To do
Output the full listing exactly as written, with no pictures in it.
Segment Start: Supplied information
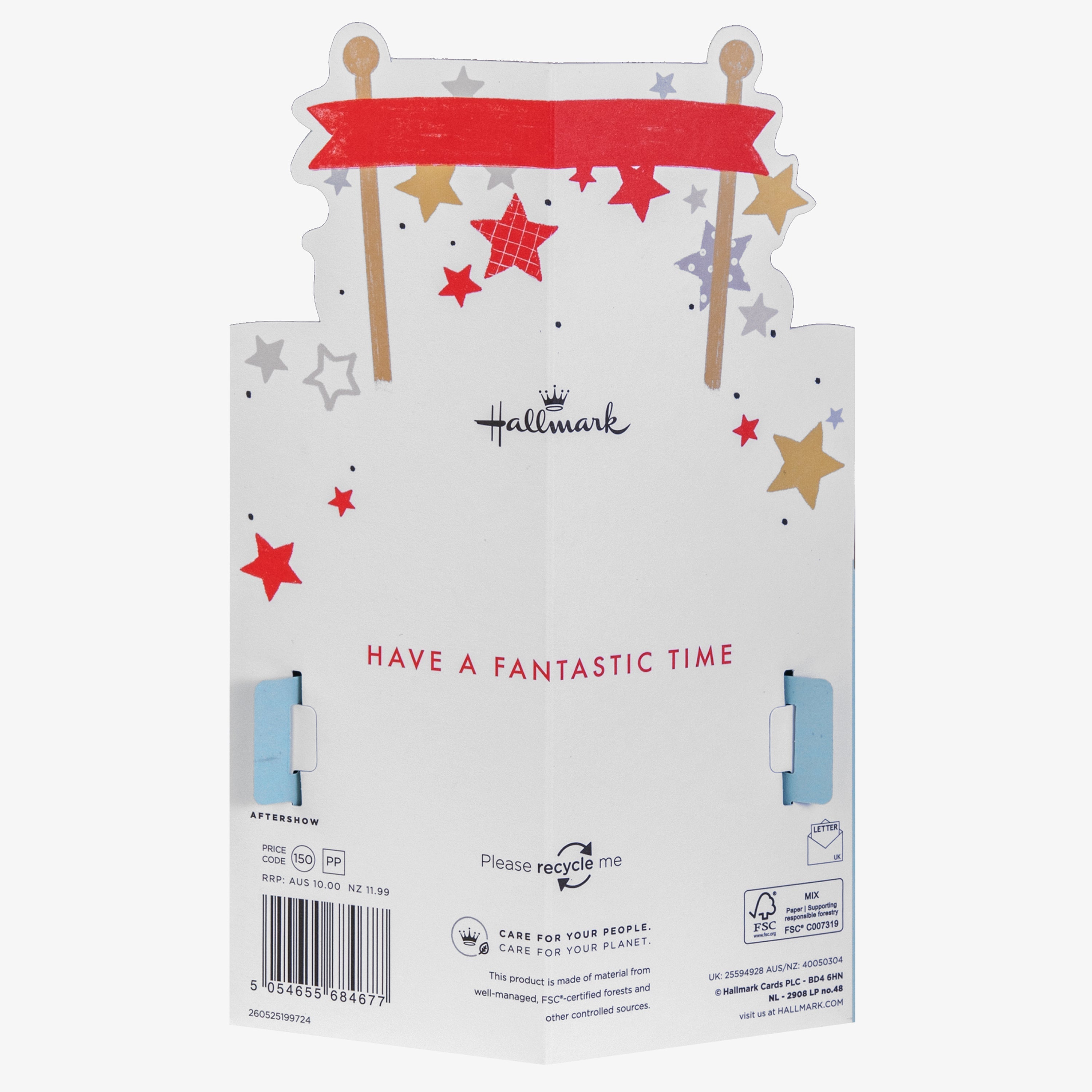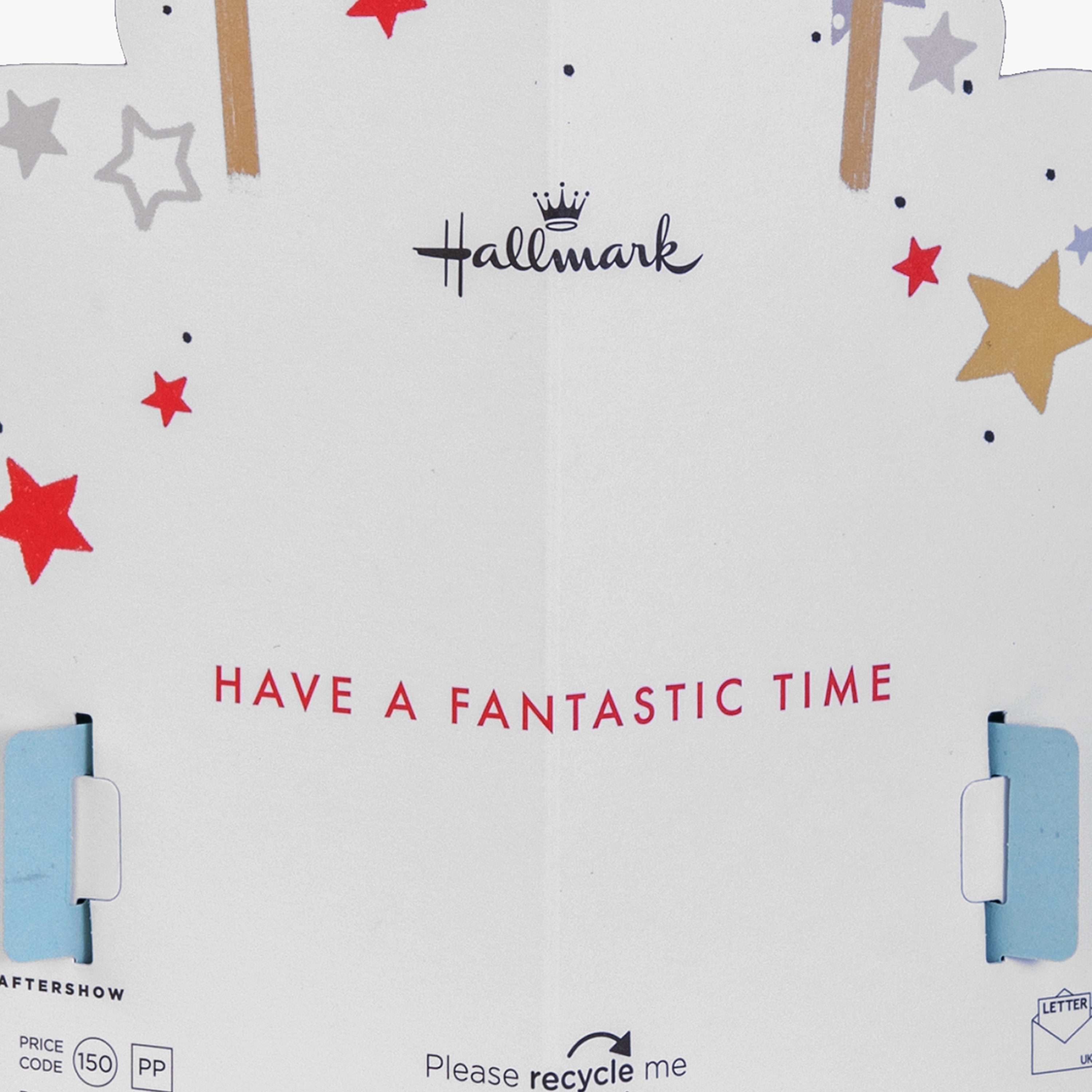 Printed on high-quality board with a die-cut, 3D, pop-up format, this eye-catching card features an illustrated Christmas Pudding, complete with a celebration banner, surrounded by sparkling stars, with gold foil lettering and gold foil design highlights, and comes complete with a co-ordinating bright red, Hallmark branded envelope.
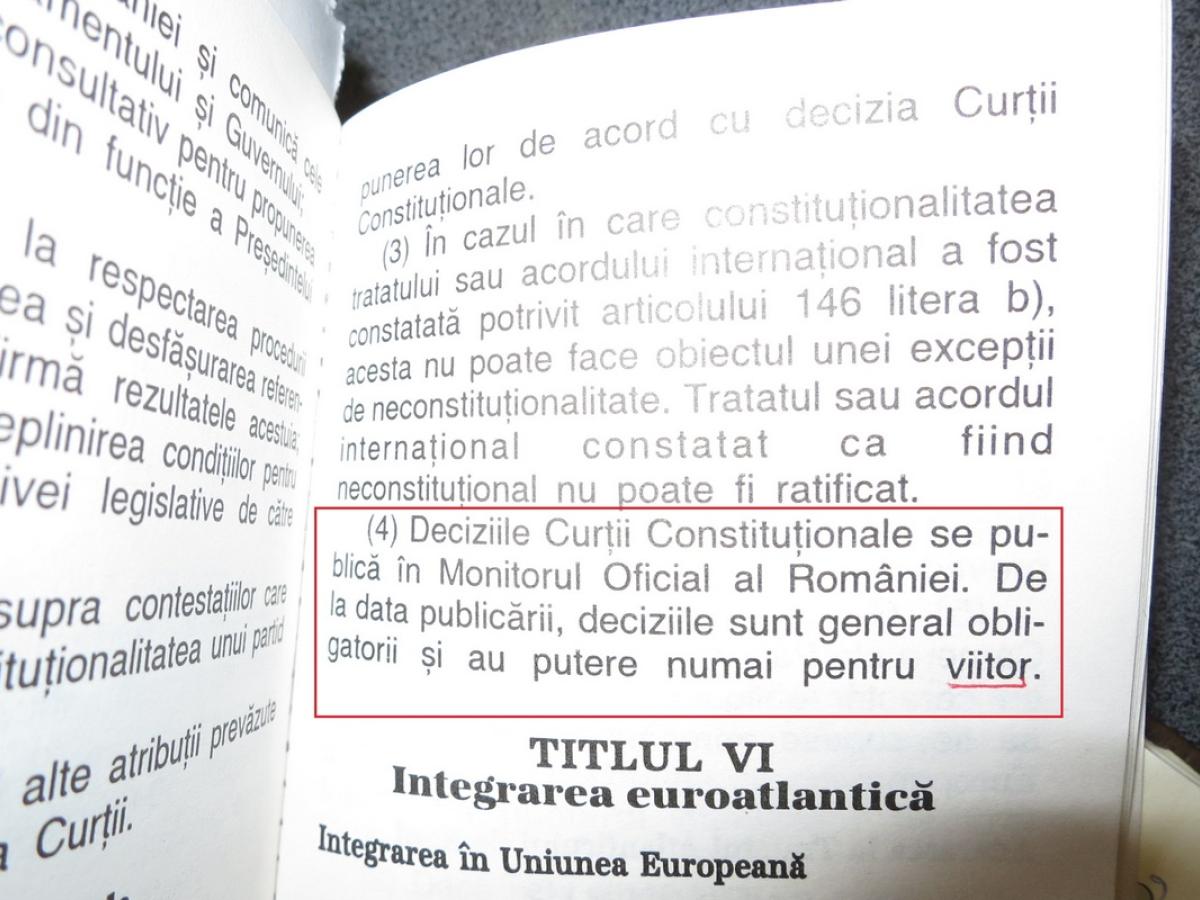 “Conform articolului 147 legat de deciziile Curții Constituționale, la aliniatul 4, se subliniază clar în Constituția României: «Deciziile Curții Constituționale se publică în Monitorul Oficial al României. De la data publicării deciziile sunt general obligatorii și au putere numai pentru viitor». Cu alte cuvinte, deciziile Curții Constituționale privind revocarea procurorului general adjunct, șeful DNA, nu se încadrează în acest articol. În sensul că, așa cum spune la aliniatul 4, o astfel de decizie are putere numai pentru viitor. Adică pentru procurorul actual nu are niciun efect. Viitorul procuror general adjunct, șeful DNA-ului poate fi supus deciziei Curții Constituționale. Cu alte cuvinte, degeaba spun PSD-iștii să o schimbe pe persoana actuală - nu vorbesc despre cine e vorba, putea să fie oricine, nu are importanță -, atât timp cât deciziile CCR sunt «pentru viitor». E foarte clar! Ei nu pot lua o decizie pentru prezent ci pentru viitor. Am văzut că sunt unii postaci care vorbesc fără să vadă textul Constituției. Să citească exact ce scrie acolo!”, a afirmat Alexandru, revoltat.
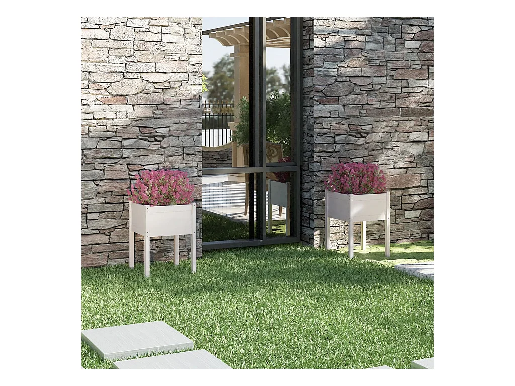 Jardinières d'extérieur 2 pcs Blanc 31x31x70 cm Bois de pin
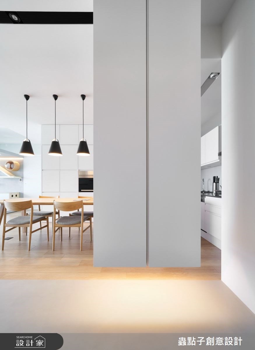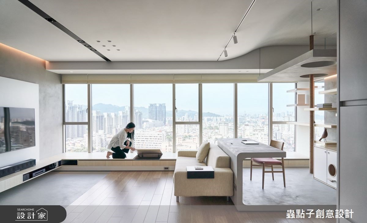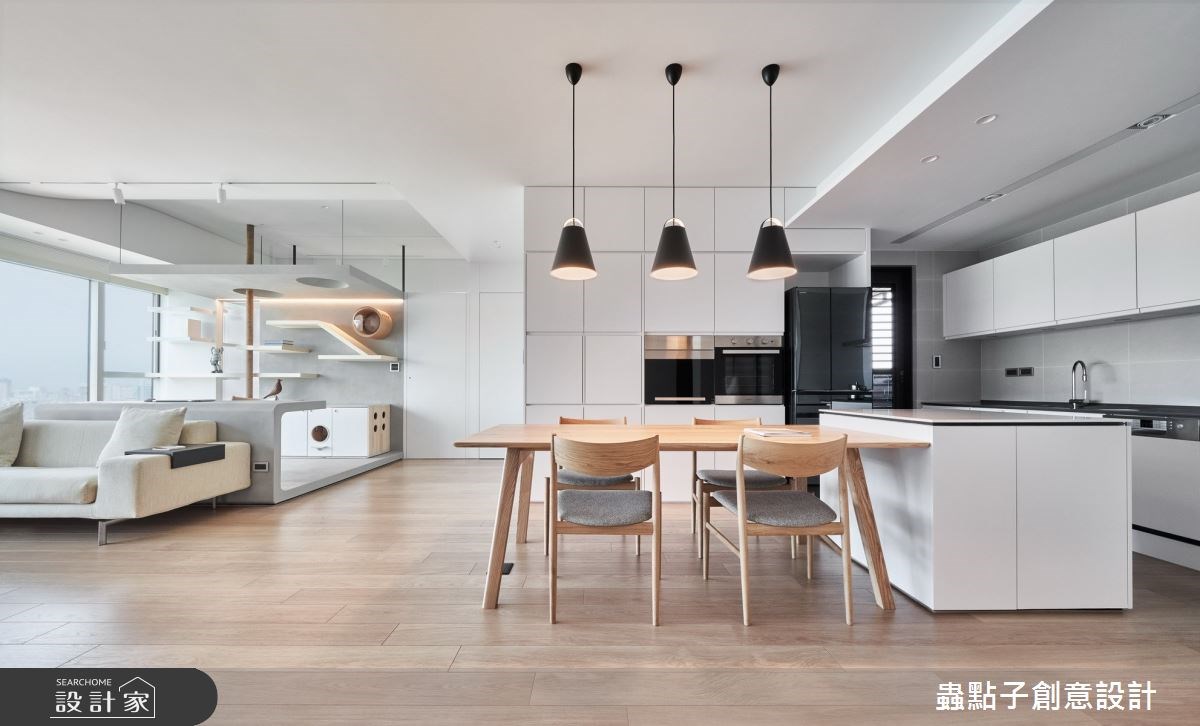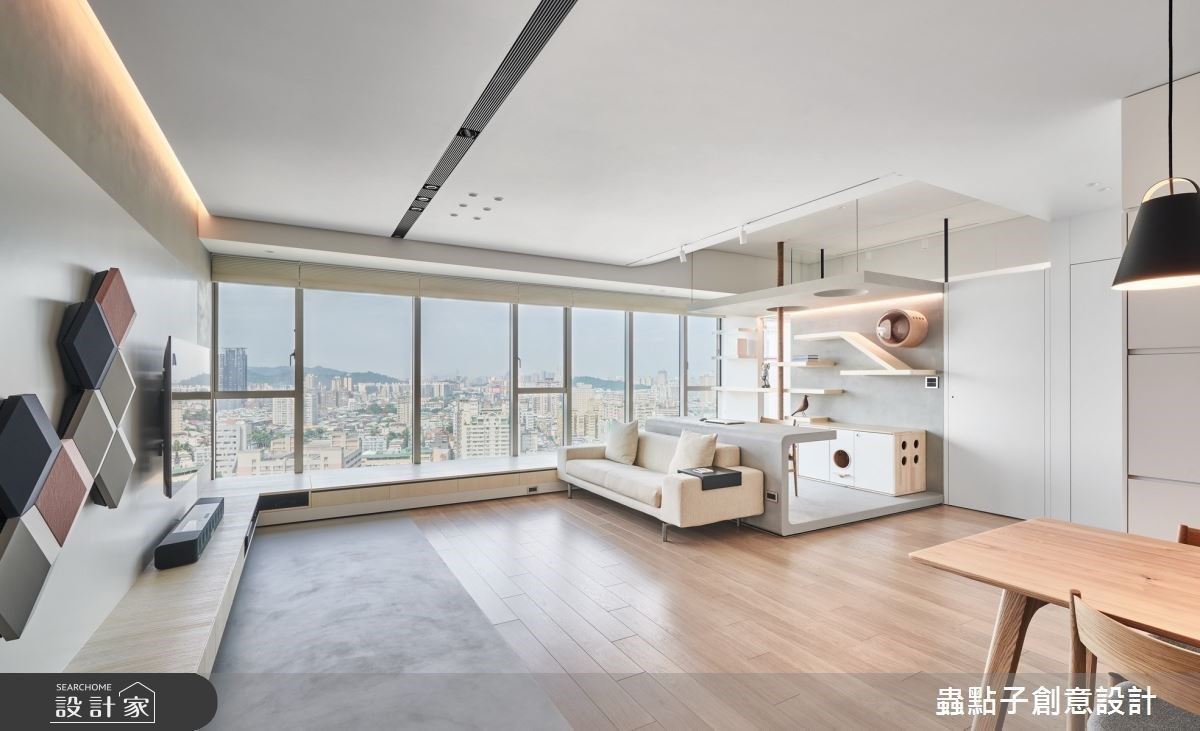 32 坪簡約風住宅的屋主是一名牙醫,平時工作忙碌的他,希望回到家能跟老婆有個簡潔舒適的空間,而且因為入住後有養貓的計劃,所以設計師結合住宅位處高樓層的景觀優勢,量身訂製明亮開闊、收納機能充足的 2+1 房寵物宅。
Segment End: Supplied information
Exercise solution
 Printed on high-quality board with a die-cut, 3D, pop-up format, this eye-catching card features an illustrated Christmas Pudding, complete with a celebration banner, surrounded by sparkling stars, with gold foil lettering and gold foil design highlights, and comes complete with a co-ordinating bright red, Hallmark branded envelope.
 “Conform articolului 147 legat de deciziile Curții Constituționale, la aliniatul 4, se subliniază clar în Constituția României: «Deciziile Curții Constituționale se publică în Monitorul Oficial al României. De la data publicării deciziile sunt general obligatorii și au putere numai pentru viitor». Cu alte cuvinte, deciziile Curții Constituționale privind revocarea procurorului general adjunct, șeful DNA, nu se încadrează în acest articol. În sensul că, așa cum spune la aliniatul 4, o astfel de decizie are putere numai pentru viitor. Adică pentru procurorul actual nu are niciun efect. Viitorul procuror general adjunct, șeful DNA-ului poate fi supus deciziei Curții Constituționale. Cu alte cuvinte, degeaba spun PSD-iștii să o schimbe pe persoana actuală - nu vorbesc despre cine e vorba, putea să fie oricine, nu are importanță -, atât timp cât deciziile CCR sunt «pentru viitor». E foarte clar! Ei nu pot lua o decizie pentru prezent ci pentru viitor. Am văzut că sunt unii postaci care vorbesc fără să vadă textul Constituției. Să citească exact ce scrie acolo!”, a afirmat Alexandru, revoltat.
 Jardinières d'extérieur 2 pcs Blanc 31x31x70 cm Bois de pin
 32 坪簡約風住宅的屋主是一名牙醫,平時工作忙碌的他,希望回到家能跟老婆有個簡潔舒適的空間,而且因為入住後有養貓的計劃,所以設計師結合住宅位處高樓層的景觀優勢,量身訂製明亮開闊、收納機能充足的 2+1 房寵物宅。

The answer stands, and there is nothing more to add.